DATA BLOCK:
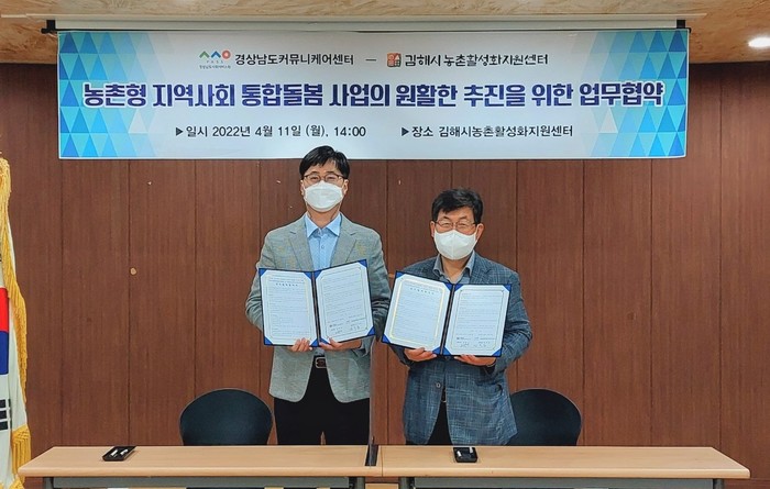 경상남도 커뮤니티케어센터와 김해시 농촌활성화지원센터가 지난 11일 농촌형 지역사회 통합돌봄 사업의 원활한 추진을 위한 업무협약(MOU)을 체결했다.
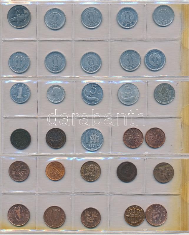 Vegyes: 333db-os kis fémpénz világgyűjtemény az 1800-as évek végétől a 2000-es évek elejéig, 10db berakólapon T:vegyes
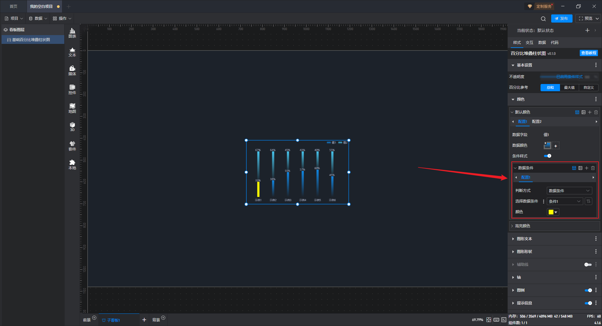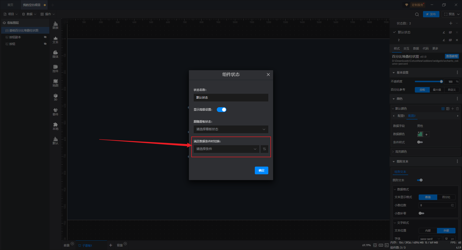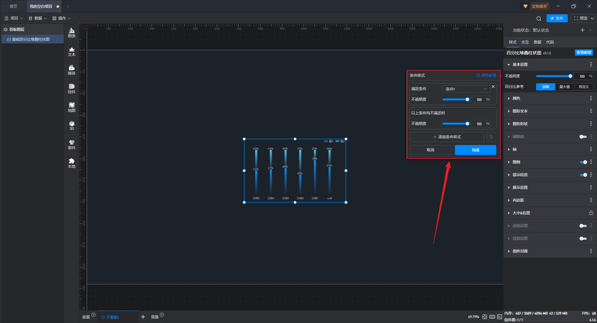 点击选中组件,开启“条件样式”按钮,就可以进行条件样式的设置。
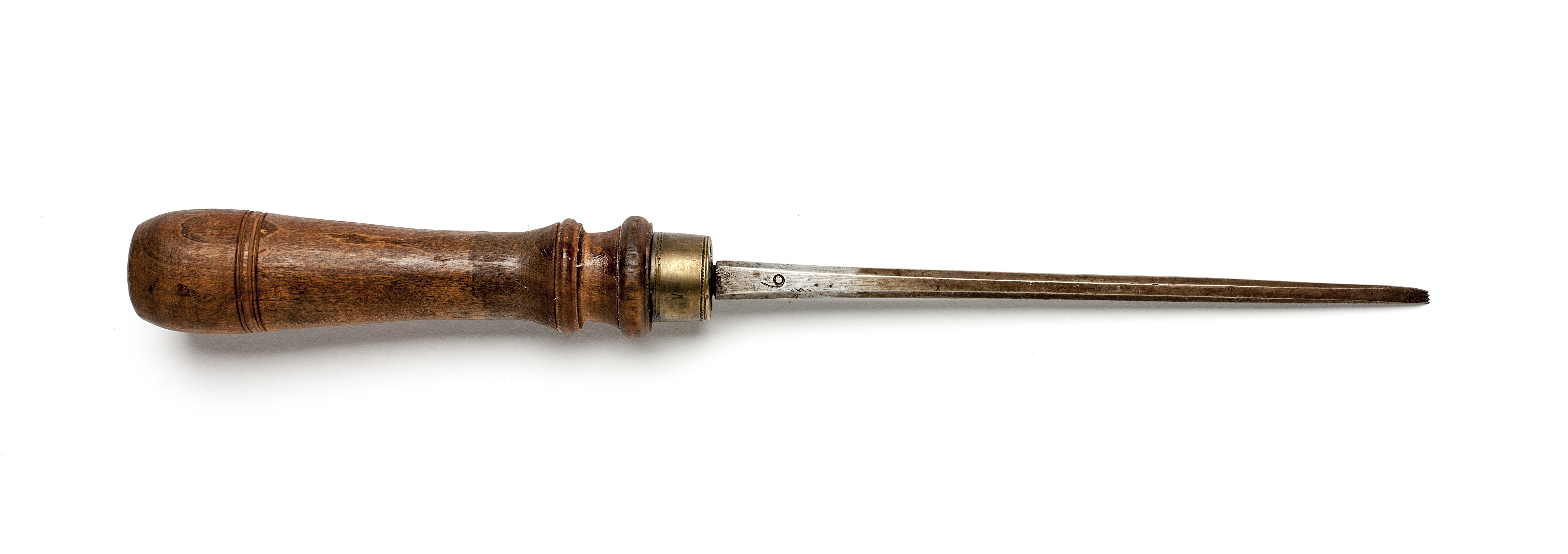 Klinga med åttsidig genomskärning. Stämplat på klingan: "9" (frakturstil) Fyrtandad egg. Svarvat skaft av päronträ, med två vulster nedtill ("rydboholmstyp"). Mässingsring.

INSTRUCTIONS TO FOLLOW:
Repeat the listing in full and exactly. Leave any pictures out.

PROBLEM SOLUTION:
 경상남도 커뮤니티케어센터와 김해시 농촌활성화지원센터가 지난 11일 농촌형 지역사회 통합돌봄 사업의 원활한 추진을 위한 업무협약(MOU)을 체결했다.
 Vegyes: 333db-os kis fémpénz világgyűjtemény az 1800-as évek végétől a 2000-es évek elejéig, 10db berakólapon T:vegyes
 点击选中组件,开启“条件样式”按钮,就可以进行条件样式的设置。
 Klinga med åttsidig genomskärning. Stämplat på klingan: "9" (frakturstil) Fyrtandad egg. Svarvat skaft av päronträ, med två vulster nedtill ("rydboholmstyp"). Mässingsring.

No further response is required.